Saving seed.csv to seed (1).csv


# YouTube Search Autocomplete



The process_keywords function, combined with get_youtube_suggestions, is designed to help users extract YouTube search autocomplete suggestions based on a list of seed keywords. These suggestions provide insights into popular search trends and related queries on YouTube.

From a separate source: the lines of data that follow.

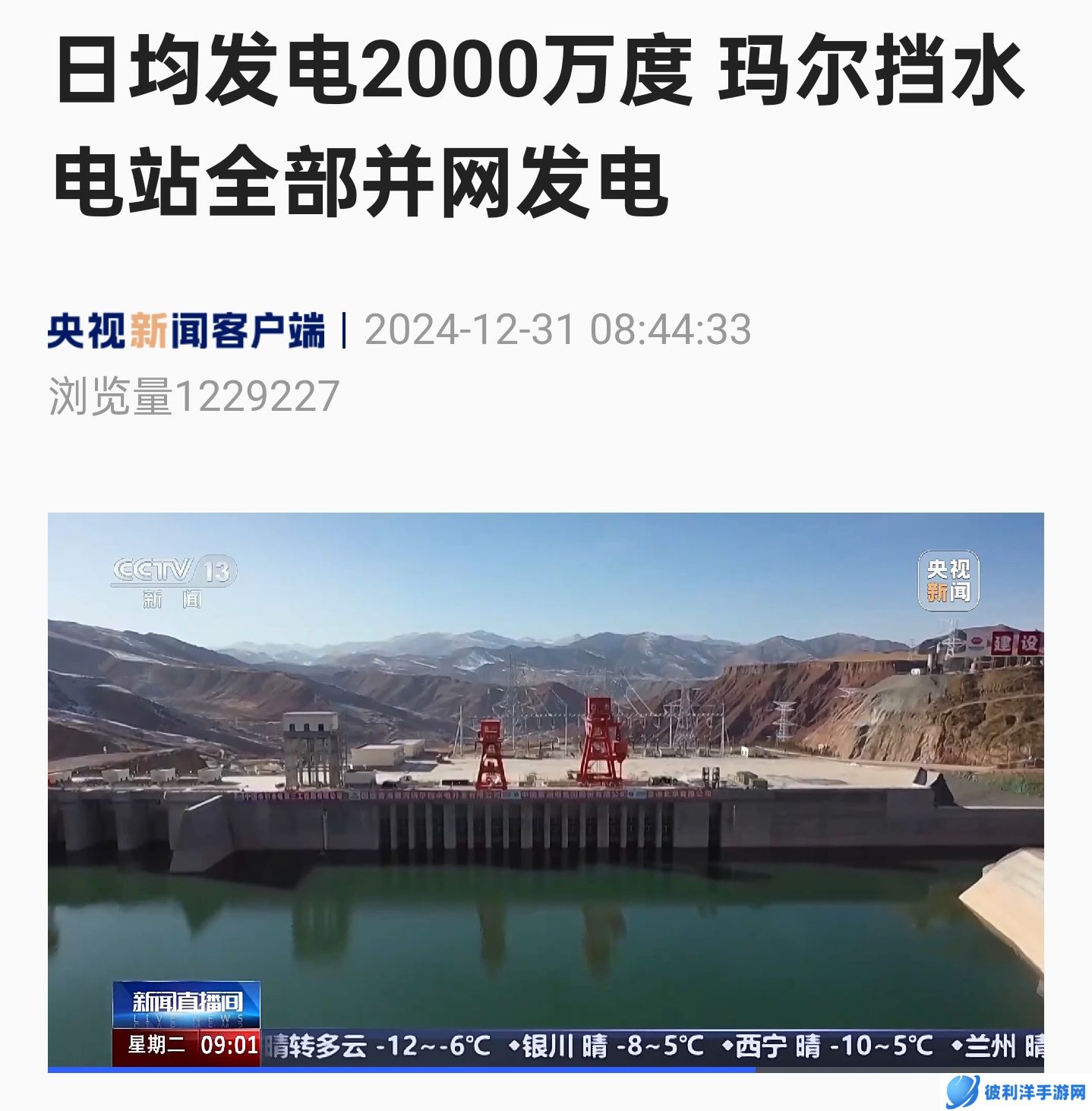 本站 12 月 31 日消息,据央视新闻报道,随着最后一台 2 号机组投产发电,黄河流域在建海拔最高、装机最大的水电工程 —— 玛尔挡水电站 5 台机组已全部并网发电。这标志着黄河上游青海段首个千万千瓦级“水风光蓄”多能互补全清洁能源一体化项目的核心工程全面建成,平均每日发电量达 2000 万度。
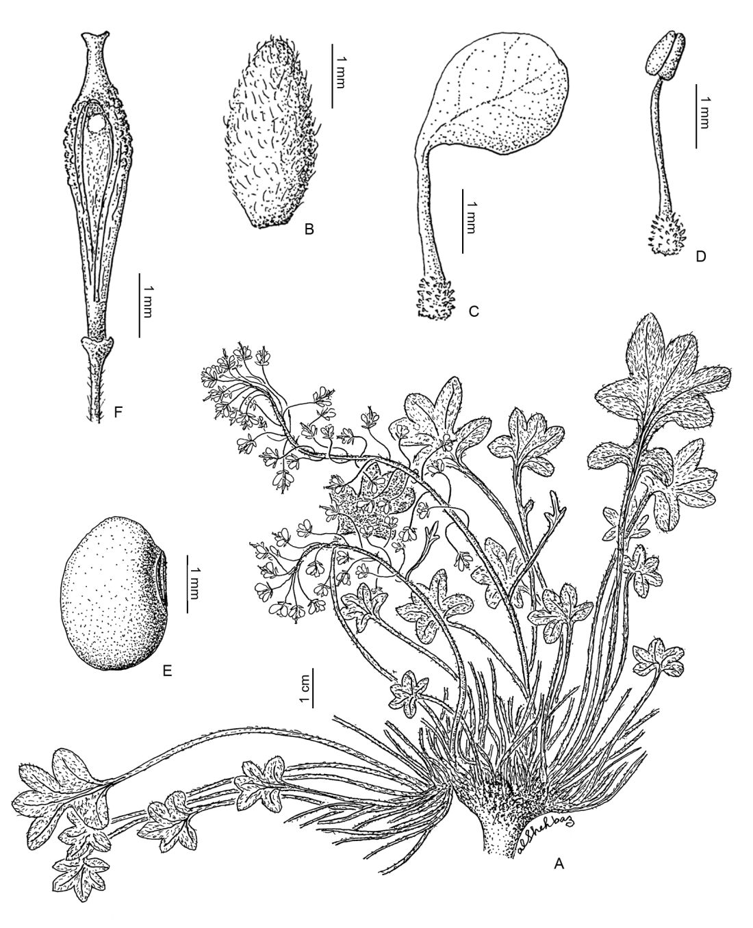 Hierbas perennes, escapíferas, con cáudice compacto y leñoso, ramificado. Tallos aéreos de 6-18 cm, erectos a ascendentes, sólo unos pocos ramificándose desde la base, simples, moderada a densamente pilosos en toda su extensión, con tricomas simples, rectos y extendidos, de 0,1-0,4(-0,6) mm de largo. Hojas sólo basales, largamente pecioladas, pecíolos de 3-12 cm de largo; láminas de contorno suborbicular a reniforme, palmati- o menos frecuentemente pinnati 5-lobadas, en ocasiones con un par adicional de lóbulos menores, de 1-3 × 1-2,5 cm de largo, cordadas a subtruncadas en la base; lóbulos anchamente ovados, enteros, obtusos a subagudos en el ápice; hojas caulinares ausentes o 1, peciolada, mucho menor en longitud que las hojas basales. Racimos terminales, ebracteados, corimbosos, con 30-50 flores, elongados considerablemente en la fructificación, sólo levemente mayores que las hojas, de 7-12 cm de largo; raquis piloso, recto; pedicelos fructíferos divaricados a ascendentes, de 6-12 mm de largo, curvados, delgados, pilosos. Sépalos ovados, de 2-2,5 × 1,4-1,8 mm, pilosos, extendidos, no sacciformes, persistentes después de la fructificación, con márgenes membranáceos; pétalos blancos, obovados, de 3-3,5 × 1-1,8 mm, persistentes, con uña diferenciada, de base dilatada y con papilas; estambres ligeramente tetradínamos, persistentes; filamentos libres, erectos, dilatados y con papilas en la base, de 1,5-2 mm de largo; anteras oblongoides, de 0,5-0,6 mm de largo; glándulas nectaríferas confluentes. Frutos anchamente elípsoides a globosos, glabros; valvas no aladas, de 2,5-3 × 1,5-2 mm; ginóforo de 0,2-0,5 mm de largo; replum expandido apicalmente, con una perforación en el septo; estilo de 0,4-0,6 mm de largo; estigma capitado, levemente 2-lobulado. Semillas oblongoides, ca. 1,5 × 0,8 mm, no aladas, globosas; cotiledones incumbentes.
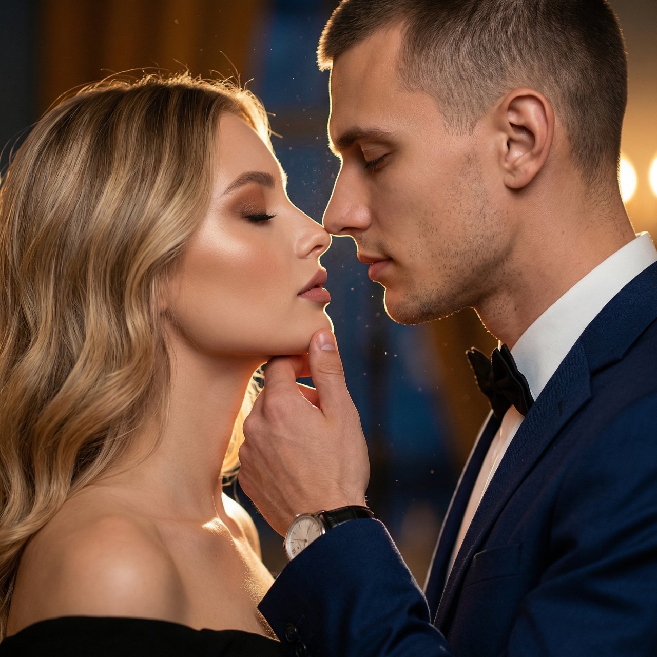 NanoBanana ProИспользуй лица мужчины и женщины с загруженных фото. Не меняй черты лиц. Сюжет и композиция: Мужчина и женщина сняты с лицами вплотную друг к другу. Мужчина держит женщину за подбородок пальцами, их губы почти соприкасаются, глаза закрыты, поза статичная. Кадр — крупный, от груди до макушек, снят на уровне глаз, композиция центрирована, лица расположены в профиль. Сохранение исходных черт лица обязательно. Внешность и детали женщины: Кожа: ровный теплый тон с выраженным сатиновым свечением на скулах и плечах. Макияж: акцент на глаза — мягко растушеванные тени в теплых коричнево-бронзовых тонах, длинные ресницы, тонкая подводка по линии ресниц, губы с матово-сатиновым финишем естественного розово-бежевого оттенка. Прическа: волосы уложены в мягкие свободные волны с боковым пробором, объем распределен по всей длине, пряди аккуратно обрамляют лицо. Одежда: черное платье с открытыми плечами из плотной матовой ткани без блеска. Внешность и детали мужчины: Одежда: пиджак темно-синего костюма, белая рубашка с классическим воротником, черная бабочка. На запястье — металлические часы с темным циферблатом и черным кожаным ремешком. Окружение и атмосфера: Интерьер с мягко освещенным фоном. Фон нейтральный, размытый, в воздухе видны мелкие световые частицы, создающие легкую дымку. Освещение: Теплое смешанное освещение. Основной мягкий свет расположен сбоку и немного позади пары, создавая контровой свет по контуру профилей и подчеркивая черты лиц. Дополнительный мягкий заполняющий свет спереди выравнивает тени. Контраст умеренно высокий, тени глубокие, блики на коже и волосах теплые и контролируемые. Технические параметры: Съемка на портретный объектив 85 мм. Малая глубина резкости: резкий фокус на лицах, передний план и фон мягко размыты. Текстура кожи и ткани в зоне фокуса проработаны с высокой детализацией. Постановочная романтическая портретная сцена, фотореалистичное исполнение. Цветовая гамма и стилистика: Романтическое кинематографичное настроение. Теплые янтарные и глубокие темно-синие тона. Мягкая золотистая цветовая температура. Умеренная насыщенность. Сильный контровой свет, мягкий фронтальный заполняющий свет, глубокие, но плавные тени, теплые светящиеся блики. Кремовое боке, напоминающее свечное освещение, легкая пленочная мягкость, люксовая кинематографичная цветокоррекция.
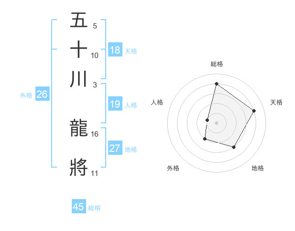 五十川 龍將さんを姓名の画数から五運を鑑定
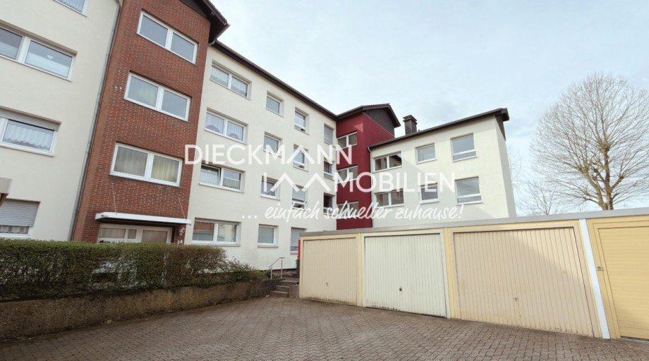 Auch für Komfort und die Zukunft des Hauses ist gesorgt: Eine eigene Garage mit elektrischem Rolltor gehört ebenso dazu wie die bereits durch die Verwaltung angestoßene Planung für neue Fenster und die Balkonsanierung.
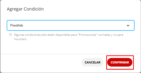 Agregar condiciones a la promoción
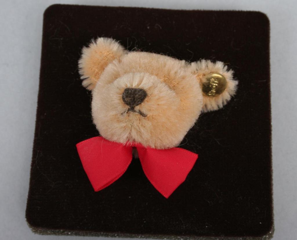 Constructed in light beige mohair, wearing a red ribbon, with brass Steiff button in ear; together in original brown plastic box. Condition: excellent, no damage or repair.
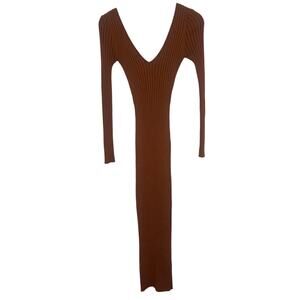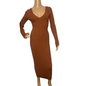 Coco & Bella Rayon Bodycon Ribbed Long Sleeve Fall Maxi Dress S Orange
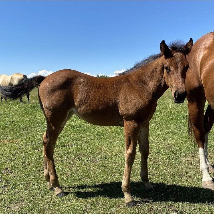 This bay filly can be summed up in one word, 'adorable'. She is an extremely well-made bay filly who is smooth moving, well balanced, and muscular. This filly will be stocky and she was designed to be an everyday horse. We just sold her sister who was an absolute sweetheart and pleasure to ride. Excellent ranch prospect for sorting, doctoring, gathering, and dragging cattle to the fire. She has the potential to go any direction from cutting, working cow horse, western, 4H, poles, team penning, or pleasure trail riding. She is a sweet filly that you are bound to fall in love with. She has no markings on her legs but does have a tapering stripe on her face. Don't miss out on this darling filly!

This tool can be especially valuable for content creators, marketers, and researchers who want to identify relevant topics, optimize video content, or analyze user search behavior on YouTube.

## Key Features
* Bulk Keyword Processing: Upload a CSV file containing multiple keywords to fetch autocomplete suggestions for all of them.
* Automated Data Extraction: The function connects to YouTube's suggestion API and retrieves suggestions in real-time.
* Customizable Outputs: Generates a downloadable CSV file that pairs each seed keyword with its autocomplete suggestions.
* Error Handling: Gracefully handles errors like missing data, connectivity issues, or API response anomalies.
* Rate-Limiting Compliance: Includes delays between API calls to avoid hitting request limits.


## Who Can Benefit
* YouTube Content Creators: Discover trending topics and long-tail keywords to improve video SEO and reach a broader audience.
* Digital Marketers: Identify search terms to optimize ad campaigns or create targeted content strategies.
* SEO Professionals: Research user behavior and improve keyword targeting for better ranking on search engines.
* Academics & Researchers: Analyze search trends and user interests on YouTube for academic studies or reports.
* Businesses: Gain insights into customer preferences to tailor product or service-related content on YouTube.

## How to Use
1. Prepare Your Keywords File:

* Create a CSV file with a single column named Keywords.
*  Populate this column with the seed keywords you want to analyze.
2. Upload the File:

* Run the notebook cell containing files.upload() to upload your CSV file.
3. Run the Analysis:

* The script will process the uploaded file, extract autocomplete suggestions for each keyword, and store the results in a DataFrame.
4. Download the Results:

*  The suggestions are saved in a CSV file named youtube_autosuggestions.csv, which can be downloaded for further use.
5. Explore the Data:

* Review the suggestions to identify trends, optimize your content, or use them in your marketing strategies.


In [None]:

import requests
import pandas as pd
import json
import time
from google.colab import files

def get_youtube_suggestions(keyword):
    """
    Fetch YouTube autocomplete suggestions for a given keyword.

    Parameters:
    keyword (str): The search query string.

    Returns:
    list of tuples: Each tuple contains the seed keyword and its suggestion.
    """
    suggestions = []
    try:
        url = "https://suggestqueries.google.com/complete/search"
        params = {
            'client': 'youtube',
            'ds': 'yt',
            'q': keyword,
            'hl': 'en'
        }
        response = requests.get(url, params=params)
        response.raise_for_status()
        raw_data = response.text

        # Extract JSON-like content from the JavaScript response
        start = raw_data.find('[')
        end = raw_data.rfind(']') + 1
        json_data = json.loads(raw_data[start:end])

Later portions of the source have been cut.